孪生诱发塑性钢因其具有高强度和高塑性,在膨胀管技术的应用中拥有巨大的潜力。在目前孪生诱发塑性钢的基础上,结合单一井径膨胀管对材料性能的特殊要求,借助于TWIP钢的层错能热力学计算,优化设计了四种TWIP钢,其化学成分为(wt%)C:0.1-0.3%,Mn:25%,Cr:4-10%,Ni:2%,A1:2%,Si:1%,Mo:0.5%;并利用万能材料试验机、OM、XRD、SEM、TEM及EDS等现代实验分析手段,对所设计试制钢材的力学性能和防腐性能进行了检测分析。分析了包括热轧、冷轧和固溶等加工工艺、形变温度和应变速率对性能组织的影响,最后在实验的基础上,建立了温加工条件下的TWIP钢的本构方程。利用有限元软件模拟计算了所研制膨胀管的膨胀过程,对TWIP钢的加工硬化机理进行了探讨。
所研制钢的加工工艺对组织性能的影响研究表明,采用真空冶炼,热轧后固溶处理是一条合理的加工工艺路线。热轧采用多道次小压下量方式,单道次压下量小于20%,初轧温度为1050-1150℃,终轧温度为800℃;采用950-1050℃加热保温半小时淬水固溶处理工艺,材料性能达到屈服强度350-400 MPa,抗拉强度650-800 MPa,断后延伸率50%-70%,强塑积50000MPa%,加工硬化指数高达0.56。
所研制钢的拉伸试验数据显示,形变温度和应变速率对材料的屈服强度、抗拉强度和延伸率具有较大的影响。在25-300℃的范围内,随着形变温度升高,无论是热轧态、冷轧态还是固溶态,所研制材料的强度和延伸率都逐渐降低。原因可能是温度升高,材料的层错能升高,形变机制由孪生为主变为以滑移为主。在4.2×10-4-6.3×10-3/s速率区间,伴随着应变速率的加快,材料的强度和延伸率都逐渐降低,可能由于应变速率提高,位错运动受限,形变孪晶不易形成所致。
在金属材料电化学工作站对材料的耐蚀性进行了测试分析显示所研制钢材经固溶处理后抗腐蚀性能优良,形变后抗腐蚀性能有所降低,Cr和Ni元素的加入有助于提高抗腐蚀性能,腐蚀的力学化学效应是形变后抗腐蚀性能降低的主要原因。
利用有限元仿真方式模拟大膨胀率膨胀管的膨胀过程,得到了与在井下温度场条件下动态拉伸试验相近的结果。
基于公理设计理论,对所研制材料的硬化机理进行梳理和探讨,发现材料成分中Mn的大量存在是产生孪生诱发塑性的基础,C-Mn等原子团的存在提高了基体的固溶强化效果。
综上所述,所研制的TWIP钢适合于制备大膨胀率膨胀套管,这种高性能套管的产生将为单一井径大膨胀率膨胀套管技术的实施和推广提供必要的物质条件。
Expandable Tubular Technology is considered one of the core technology in the oil drilling industry in the 21st century, the final goal of this technology is to develop the monodiameter expandable tubular technology. The selection and optimization of expandable tubular material is an important branch for the research of expandable tubular. Developing suitable steel for monobore technology is the purpose of this study.

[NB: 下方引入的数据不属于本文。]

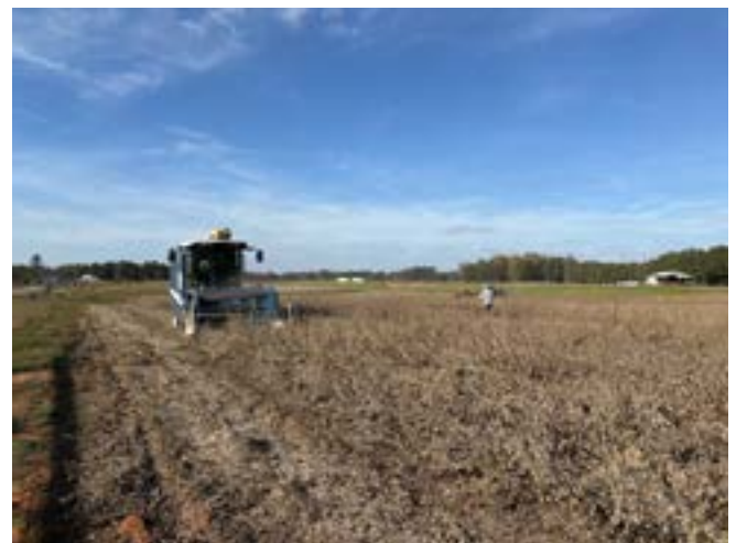
Harvesting an indeterminate soybean line at the J. Phil Campbell R&E Center
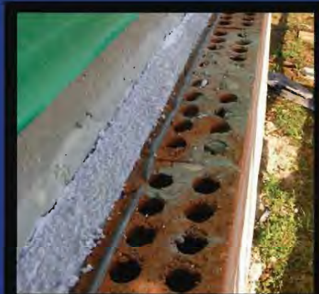
Ura-Fen cavity treatment trimmed
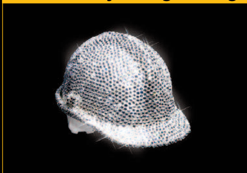
From construction to retail
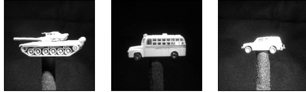
(a) Tank (b) School Bus (c) Truck
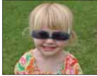
Bibi in sunglasses
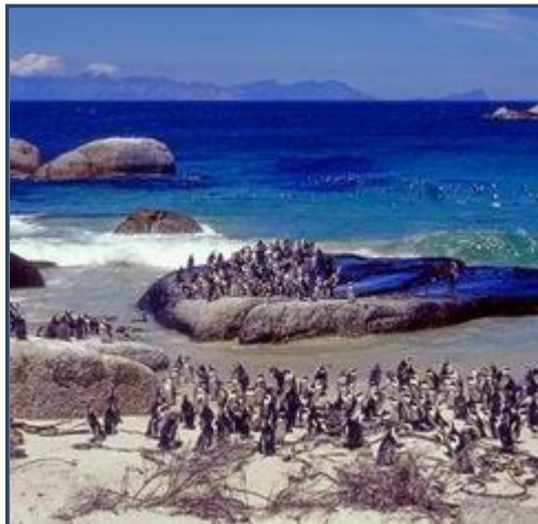
Penguinsat Boulders Beach, Simons Town near Cape Town (click on pic for full size)
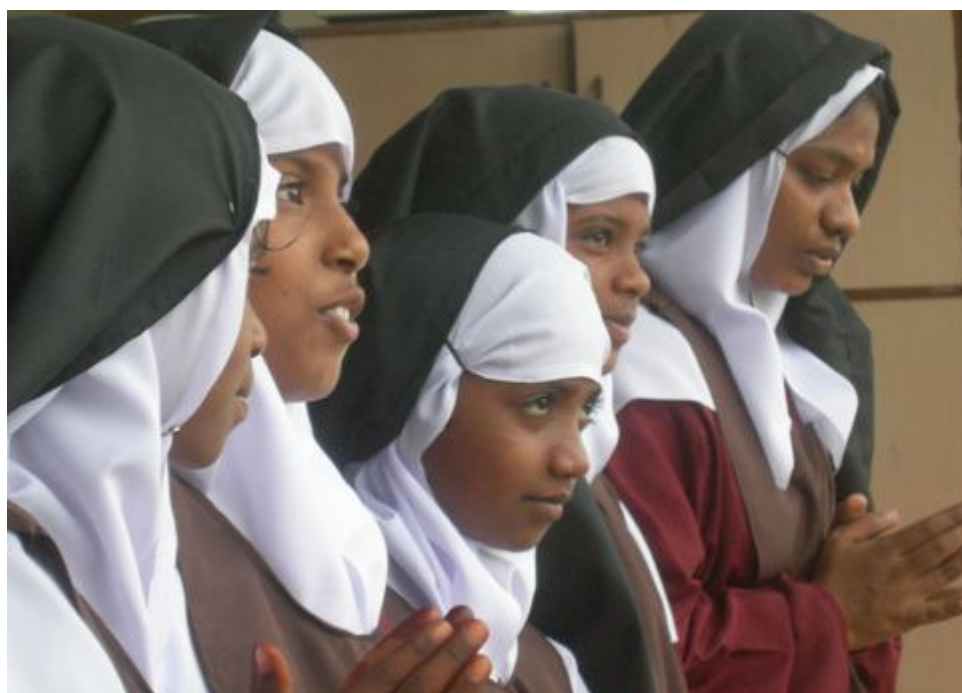
By the foreknowledge of God, our prayers are woven in into His providential plan of the universe.
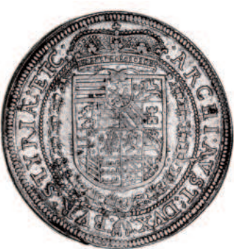
1575* Austria, Ferdinand II, silver thaler, 1625 (KM.521). Slightly wavy, otherwise good very fine with some underlying mint bloom.
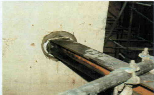
'I' beam following anchor grout injection
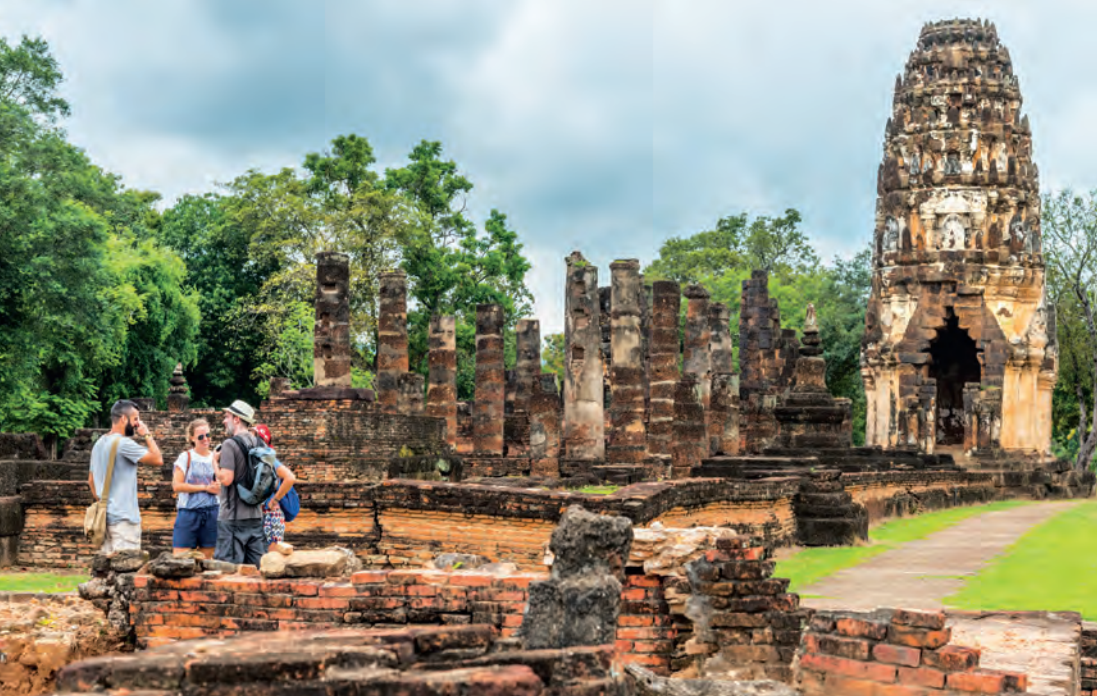
Wat Phra Phai Luang
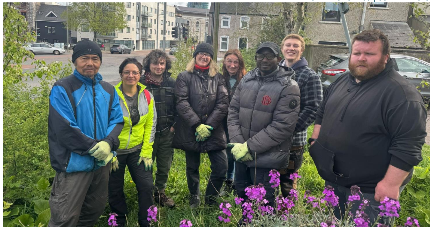
Some of the participants of the SHEP Horticulture LTI at one of their volunteer ourtreach projects – in this case working last month to support Douglas Street Residents.
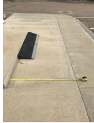
Finding 297746 Additional Photo
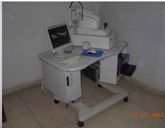
OCT-the latest technology for diagnosis of retinal diseases
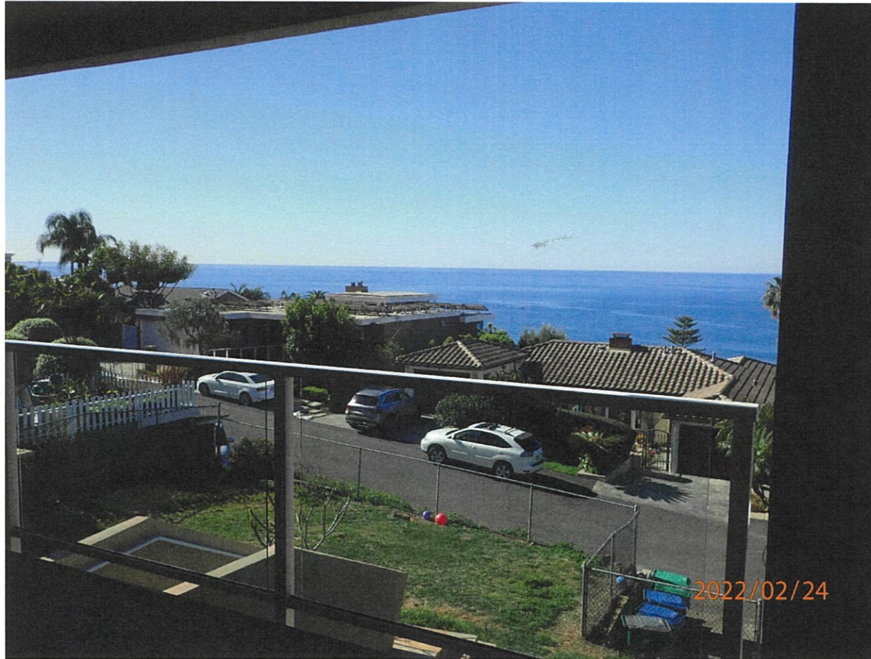
31341 Pedro Street

The photograph above was taken from the master bedroom on the lower level of the primary residential structure. Visual scene description: San Clemente Island and Catalina Island, Camel Point and the ocean horizon.

Austentie high-Mn based twinning-induced plasticity steels has great potential prospect in the applications of expandable tubular technology because of the excellent tensile strength and ductility property. Based on the twinning-induced plasticity steels, combined with the special requirements for the material properties of monobore technology, by means of thermodynamic calculation of stacking fault energy, four new TWIP Steels were developed. The steels are consisted of 0.1~0.3%C,25% Cr,4~10%Mn,2%Ni,2%A1, 1%Si,0.5%Mo, the rest is Fe. The manufacturing process, mechanical properties and corrosion behavior of the TWIP steels were studied by using the universal testing machine with heating insulation unit, OM, XRD, SEM, TEM and EDS. In addition, the expandable deformation constitutive equation of TWIP steels was established under the temperature range from 25℃to 300℃. And then, expansion process of the expandable casing made from the new TWIP steels was simulated by Finite element software. Finally, hardening mechanism of the TWIP steels was investigated.
The effect of manufacturing process on organization and performance was studied. The results show that the process is a reasonable process:vacuum melting, then hot rolling followed by annealing under the 1050℃/0.5h/water. The optimized mechanical values are as following:Rp=350-400 MPa, Rm=650-800 MPa, total elongation equals 50~70%, the product of strength and ductility is above 50000MPa%, work-hardening factor may be up to 0.56.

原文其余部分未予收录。